Medical conditions dataset

Description

A medical conditions dataset is a collection of information about various health-related issues experienced by people. This data can include symptoms, diagnoses, treatments, and outcomes for different diseases and conditions. The dataset is gathered using various methods, or “modalities,” such as electronic health records, surveys, wearable devices, and medical imaging. The purpose of collecting and analyzing this information is to better understand health trends, identify risk factors, and improve medical care for everyone.

Introduction

Medical diagnosis in research studies plays a crucial role in the understanding and advancement of medicine. In clinical research, the process of diagnosis is used to identify individuals with specific medical conditions and to determine the prevalence of these conditions within a study population. Diagnosis is also used to identify subgroups of individuals with similar characteristics or outcomes, which can help researchers to better understand the underlying disease mechanisms and to develop risk models, identify biomarkers for early detection of the disease and for monitoring its progress and to develop new treatments.

Survey data is a valuable resource for understanding various aspects of medical conditions.

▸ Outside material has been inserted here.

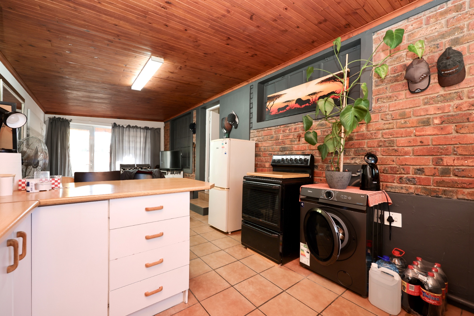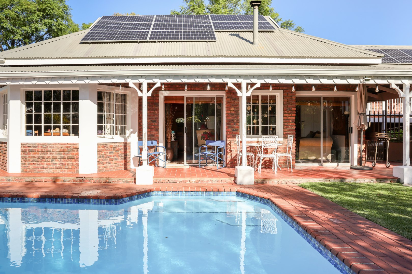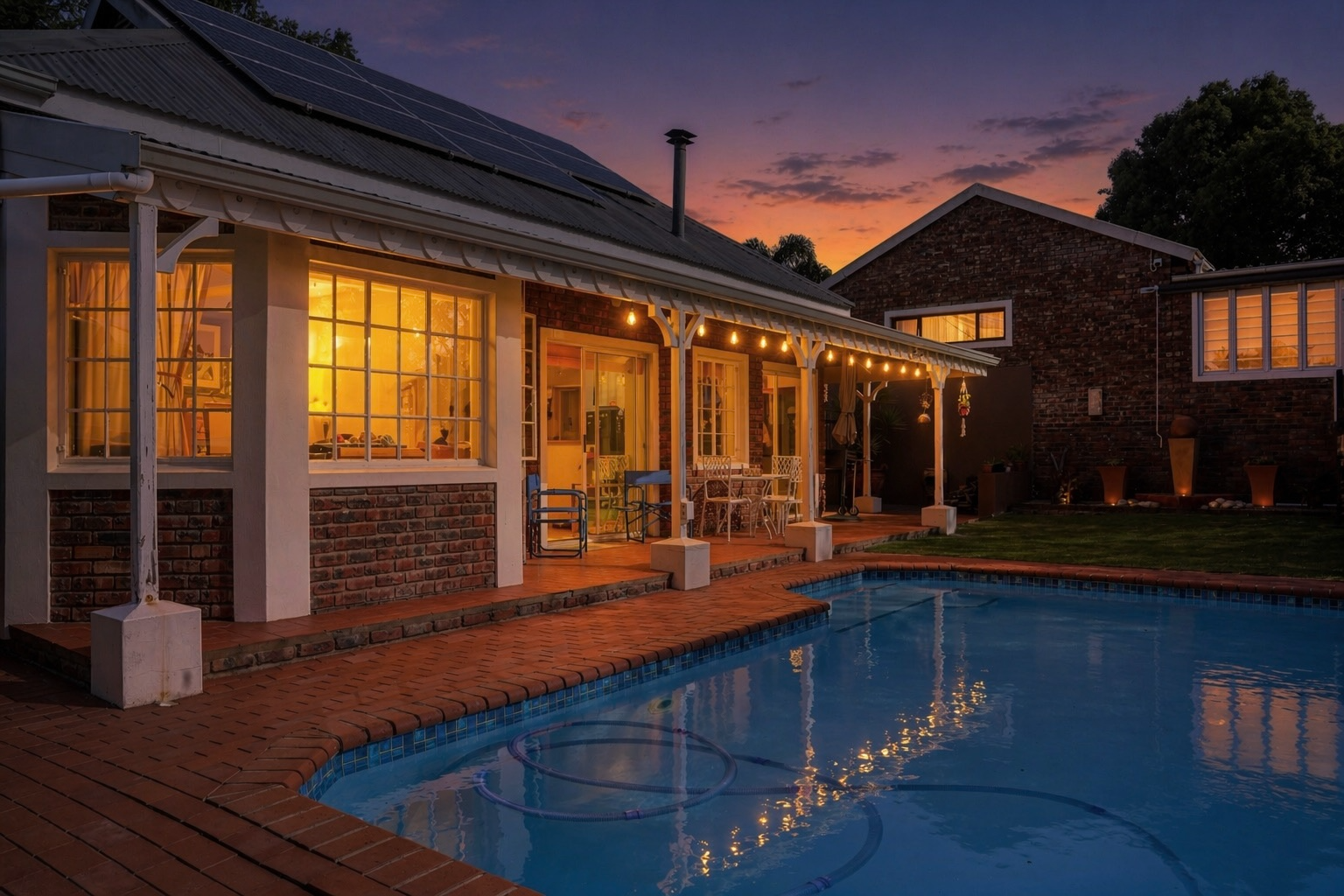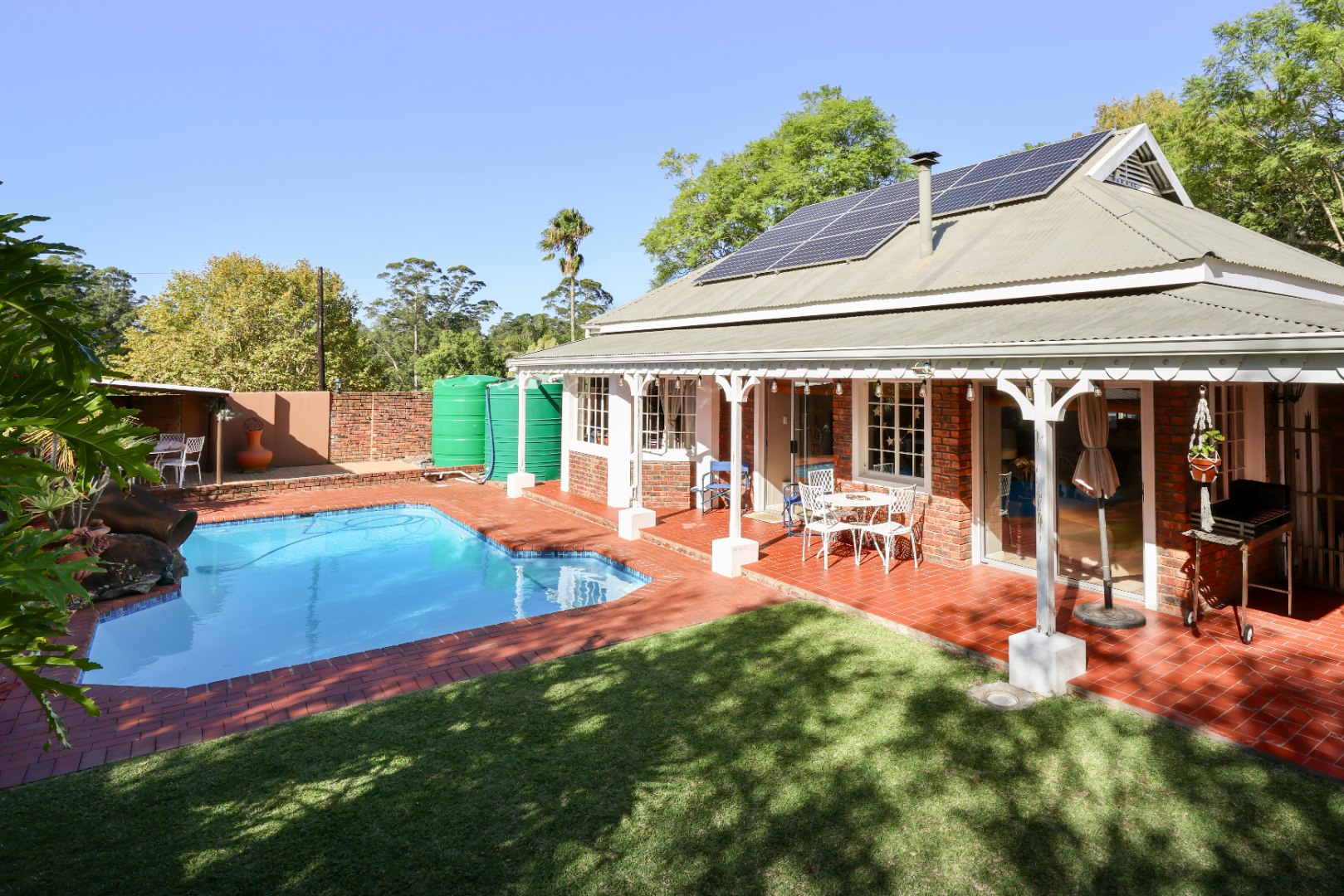 The exterior is designed for low maintenance, with mostly paved areas complemented by a small garden and outdoor braai space. Additional features include two 5000L water tanks for rainwater harvesting, for the swimming pool, as well as 2x5000l tanks for fresh borehole water, energy-efficient systems with two 5kW inverters, backup batteries, and 18 solar panels.

It involves collecting self-reported information from individuals about their health, symptoms, diagnoses, treatments, and lifestyle factors. This data is tabular, meaning it is organized in rows and columns, which makes it easy to analyze and compare.

Medical conditions data collected through surveys covers diverse body systems, such as the cardiovascular, respiratory, digestive, and nervous systems. It provides insights into disease prevalence, risk factors, and the impact on individuals’ lives.

Surveys are an attractive data modality due to their accessibility, cost-effectiveness, and ability to capture patient perspectives. This information helps researchers identify potential risk factors, inform prevention strategies, and shape public health policies, ultimately contributing to better health outcomes for diverse populations.

Measurement protocol

Upon registration to the Human Phenotype Project study, participants provide details about their medical conditions in the Initial Medical Survey. Further data is then gathered during an interview at the baseline visit (In-system drop down) and using the Follow-up Medical Survey when participants return for subsequent visits. The data source columns indicate where information was collected.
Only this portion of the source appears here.